START Recorded data

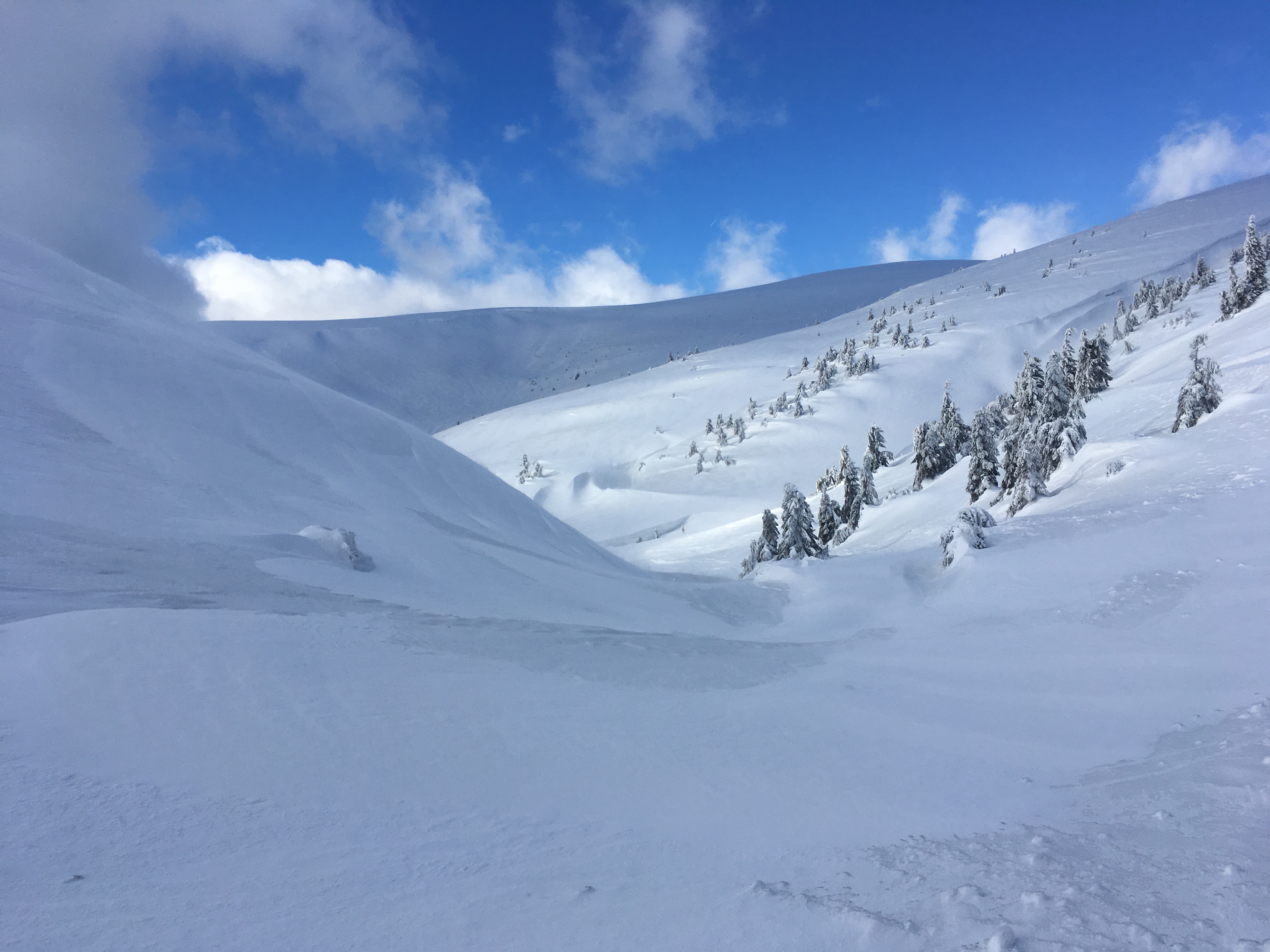 Sajnos első nap az idő nem fogadott minket a kegyeibe, viharos szél, havas eső és minimális látótávolság a köd miatt. Délutánra a lifteket is leállították. Mivel másnapra hasonló volt az előrejelzés, így eldöntöttük, hogy egy napra átmegyünk Bukovelbe. Ott déltől este 7-ig csúsztunk és nem okozott csalódást. De utastársaim elsősorban a freeride kaland miatt jöttek, így bíztam benne, hogy utolsó napra összeszedi magát az időjárás és felpattanhatunk a ratrakra…
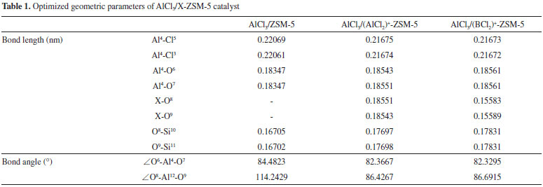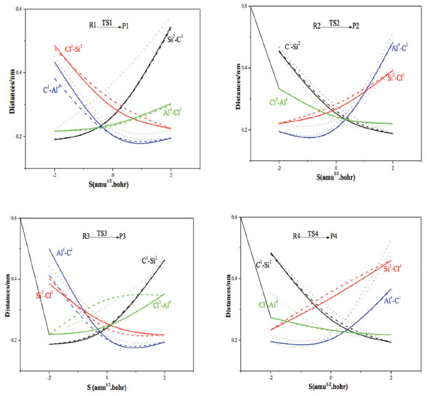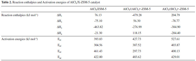 The transition states are tracked during calculation in Forward and Reverse using the IRC method. We take TS1 as an example, the Cl3 atom moves to the Si2 atom, and bonds with it when the catalyst takes part in the reaction. Meanwhile, the Si2-C1 bond and Al1-Cl4 bond are broken. The C2 and Al4 atoms gradually move close to each other, and bond to produce product P1 at the same time. Finally, the corresponding products are generated from reactants via TS1, which confirms the accuracy of the reaction path. The spacing traces of the key atoms along the IRC are calculated, as shown in Figure 3. The results show that the key atoms along the IRC path have the tendency to bond or break, and move towards their respective reactants or products, which proves that the mechanism is valid. Thus, it is proved that the reaction process (shown in Figure 1 and Figure 2) is reasonable. The energy is calculated by using second-order Moller-Plesset perturbation theory (at MP2/6-311++G (3df, 2pd) level) and the Zero Point Energy (ZPE) correction is considered. The reaction enthalpies (ΔH) and activation energies (Ea) are given in Table 2. The activation energies of AlCl3/X-ZSM-5 reaction system are shown in Figure 5. The activation energy of the rate-determining step in the main reaction is: 393.83, 427.73, and 527.61 kJ mol-1, respectively. The activation energy of the rate determining step of side reaction is: 461.43, 483.62, and 429.01 kJ mol-1, respectively. With regard to Cat. I and Cat. II, the activation energy of RDS in channel 1 is lower than channel 2, indicating that channel 1 is the main reaction. For Cat. III, although the activation energy of RDS in channel 2 is lower than channel 1, its numerical value is large. So the reaction is not easy to occur. It is further explained that the unmodified catalyst is effective. The activation energy of the main reaction for Cat. I (393.83 kJ mol-1) is lower than that of Cat. II (427.73 kJ mol-1) and Cat. III (527.61 kJ mol-1). The order of the activation energy is: Cat. I > Cat. II > Cat. III. Comparing with the 5T cluster AlCl3/ZSM-5 (93 kJ mol-1),18 it is shown that 5T cluster is better. This indicates that the main activity of the disproportionation reaction is on the surface of the catalyst. But, the 24T catalytic system effect is not so ideal, and the catalytic effect of the unmodified catalyst is slightly better. The bond of Cat. I is easier to form, so the reaction is easier to occur. The catalyst of AlCl3/ZSM-5 modified by (AlCl2)+, and (BCl2)+ is ineffective, and the catalytic activity is obviously reduced. The reason may be that the electron cloud density of acid site (-AlCl2) is reduced when modified by (AlCl2)+, and (BCl2)+. The electron clouds of acid sites on Cat. II and Cat. III transfer to other parts, resulting in significant reduction in the activity of the modified catalyst. The results of the energy analysis are consistent with the results of the previous catalyst structure analysis (Table 1).
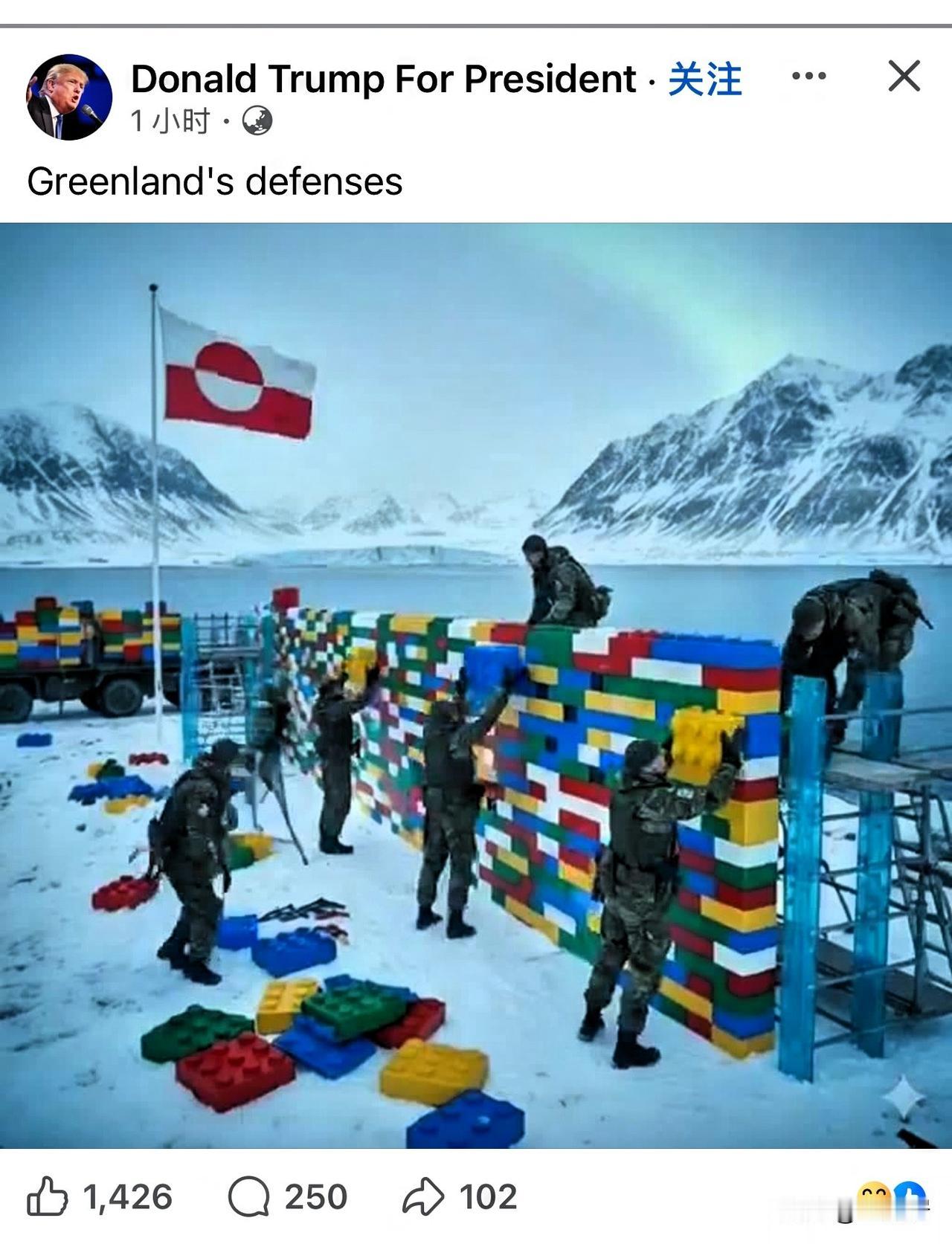 美国川普总统在社媒发了一张搞笑的图片,“格陵兰的防线”。看来,美国一点也看不上格陵兰的防御能力啊。美国占格陵兰岛 格陵兰岛现状 格陵兰地缘战略 格陵兰岛危机 格陵兰地位
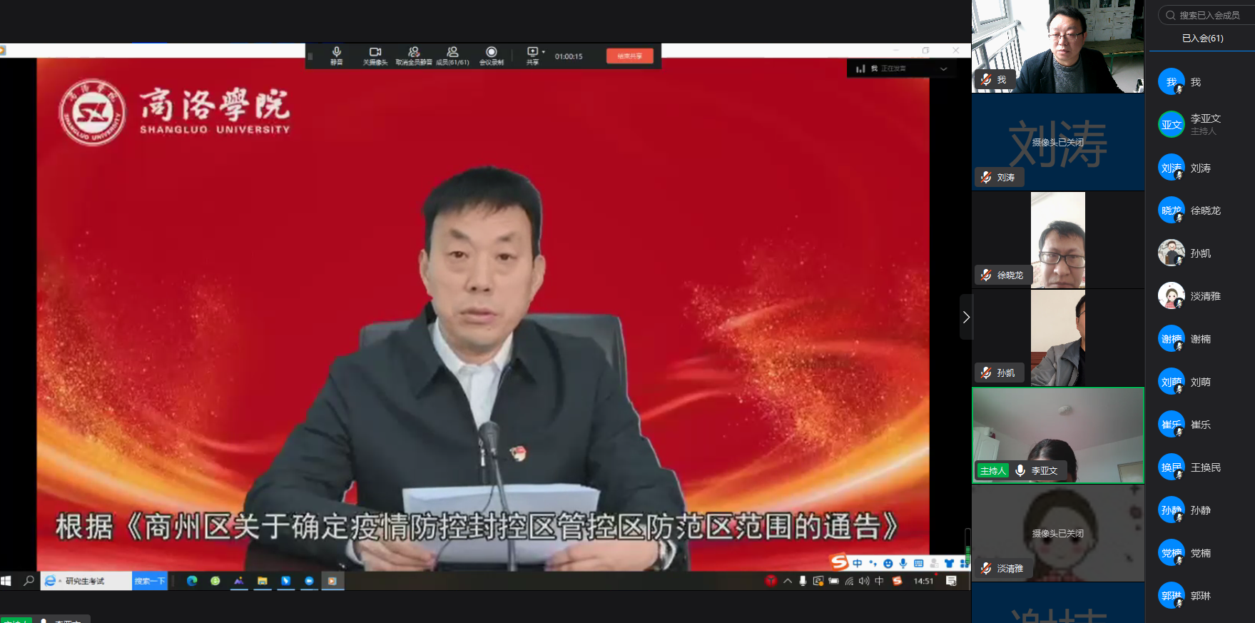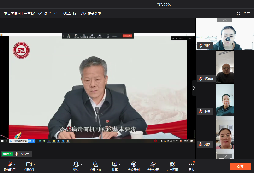 为进一步做好校园封闭管理期间疫情防控工作,提高师生思想认识和疫情防控知识,提振战“疫”必胜信心,根据公司《关于组织开展万名师生同上一堂战“疫”思政课的通知》精神,4月16日下午,WilliamHill体育组织全体师生通过线上钉钉群直播的方式收看学习了公司党委书记张志昌、董事长范新会、党委副书记彭虎军和后勤保障处医务室主任任秀梅的专题战“疫”思政课,为广大师生宣讲疫情防控知识,解读公司防控政策。线上学习分教师组和六个员工组进行,分别由副经理李亚文和全体辅导员主持。党总支书记李英、经理袁训锋率全体61名教职工和1401名员工参加了线上学习。
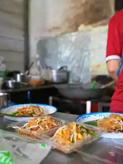 ⭐Pad Thai Pratu Wat Cheing Khao is another Pad Thai restaurant that many people love and spread the word about its deliciousness. The noodles are stir-fried to the perfect softness and chewiness, and tossed in a special Pad Thai sauce that's rich, fragrant, and balanced with a rich, sour, sweet, salty, and spicy flavor. It's a true Thai Pad Thai experience, complete with generous toppings, including large shrimp and other fresh ingredients. Every dish is packed with quality and care, making it a must-try Pad Thai dish if you're in the area.
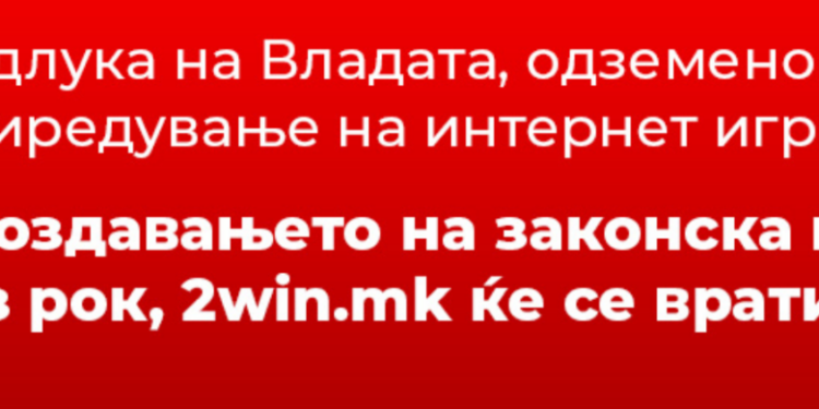 Platforma për lojëra të fatit në internet e Video Lotarisë Shtetërore Kazinos Austria, 2win.mk do të mbyllet. Ky subjekt njoftoi për hapat që do t’i ndërmerr për rikthimin e depozitave të qytetarëve nëpër xhirollogaritë e tyre bankare.

END Recorded data

Work instruction:
Your answer must be an exact reproduction of all entries, containing no pictures.

Task solution:
 Sajnos első nap az idő nem fogadott minket a kegyeibe, viharos szél, havas eső és minimális látótávolság a köd miatt. Délutánra a lifteket is leállították. Mivel másnapra hasonló volt az előrejelzés, így eldöntöttük, hogy egy napra átmegyünk Bukovelbe. Ott déltől este 7-ig csúsztunk és nem okozott csalódást. De utastársaim elsősorban a freeride kaland miatt jöttek, így bíztam benne, hogy utolsó napra összeszedi magát az időjárás és felpattanhatunk a ratrakra…
 The transition states are tracked during calculation in Forward and Reverse using the IRC method. We take TS1 as an example, the Cl3 atom moves to the Si2 atom, and bonds with it when the catalyst takes part in the reaction. Meanwhile, the Si2-C1 bond and Al1-Cl4 bond are broken. The C2 and Al4 atoms gradually move close to each other, and bond to produce product P1 at the same time. Finally, the corresponding products are generated from reactants via TS1, which confirms the accuracy of the reaction path. The spacing traces of the key atoms along the IRC are calculated, as shown in Figure 3. The results show that the key atoms along the IRC path have the tendency to bond or break, and move towards their respective reactants or products, which proves that the mechanism is valid. Thus, it is proved that the reaction process (shown in Figure 1 and Figure 2) is reasonable. The energy is calculated by using second-order Moller-Plesset perturbation theory (at MP2/6-311++G (3df, 2pd) level) and the Zero Point Energy (ZPE) correction is considered. The reaction enthalpies (ΔH) and activation energies (Ea) are given in Table 2. The activation energies of AlCl3/X-ZSM-5 reaction system are shown in Figure 5. The activation energy of the rate-determining step in the main reaction is: 393.83, 427.73, and 527.61 kJ mol-1, respectively. The activation energy of the rate determining step of side reaction is: 461.43, 483.62, and 429.01 kJ mol-1, respectively. With regard to Cat. I and Cat. II, the activation energy of RDS in channel 1 is lower than channel 2, indicating that channel 1 is the main reaction. For Cat. III, although the activation energy of RDS in channel 2 is lower than channel 1, its numerical value is large. So the reaction is not easy to occur. It is further explained that the unmodified catalyst is effective. The activation energy of the main reaction for Cat. I (393.83 kJ mol-1) is lower than that of Cat. II (427.73 kJ mol-1) and Cat. III (527.61 kJ mol-1). The order of the activation energy is: Cat. I > Cat. II > Cat. III. Comparing with the 5T cluster AlCl3/ZSM-5 (93 kJ mol-1),18 it is shown that 5T cluster is better. This indicates that the main activity of the disproportionation reaction is on the surface of the catalyst. But, the 24T catalytic system effect is not so ideal, and the catalytic effect of the unmodified catalyst is slightly better. The bond of Cat. I is easier to form, so the reaction is easier to occur. The catalyst of AlCl3/ZSM-5 modified by (AlCl2)+, and (BCl2)+ is ineffective, and the catalytic activity is obviously reduced. The reason may be that the electron cloud density of acid site (-AlCl2) is reduced when modified by (AlCl2)+, and (BCl2)+. The electron clouds of acid sites on Cat. II and Cat. III transfer to other parts, resulting in significant reduction in the activity of the modified catalyst. The results of the energy analysis are consistent with the results of the previous catalyst structure analysis (Table 1).
 美国川普总统在社媒发了一张搞笑的图片,“格陵兰的防线”。看来,美国一点也看不上格陵兰的防御能力啊。美国占格陵兰岛 格陵兰岛现状 格陵兰地缘战略 格陵兰岛危机 格陵兰地位
 为进一步做好校园封闭管理期间疫情防控工作,提高师生思想认识和疫情防控知识,提振战“疫”必胜信心,根据公司《关于组织开展万名师生同上一堂战“疫”思政课的通知》精神,4月16日下午,WilliamHill体育组织全体师生通过线上钉钉群直播的方式收看学习了公司党委书记张志昌、董事长范新会、党委副书记彭虎军和后勤保障处医务室主任任秀梅的专题战“疫”思政课,为广大师生宣讲疫情防控知识,解读公司防控政策。线上学习分教师组和六个员工组进行,分别由副经理李亚文和全体辅导员主持。党总支书记李英、经理袁训锋率全体61名教职工和1401名员工参加了线上学习。
 ⭐Pad Thai Pratu Wat Cheing Khao is another Pad Thai restaurant that many people love and spread the word about its deliciousness. The noodles are stir-fried to the perfect softness and chewiness, and tossed in a special Pad Thai sauce that's rich, fragrant, and balanced with a rich, sour, sweet, salty, and spicy flavor. It's a true Thai Pad Thai experience, complete with generous toppings, including large shrimp and other fresh ingredients. Every dish is packed with quality and care, making it a must-try Pad Thai dish if you're in the area.
 Platforma për lojëra të fatit në internet e Video Lotarisë Shtetërore Kazinos Austria, 2win.mk do të mbyllet. Ky subjekt njoftoi për hapat që do t’i ndërmerr për rikthimin e depozitave të qytetarëve nëpër xhirollogaritë e tyre bankare.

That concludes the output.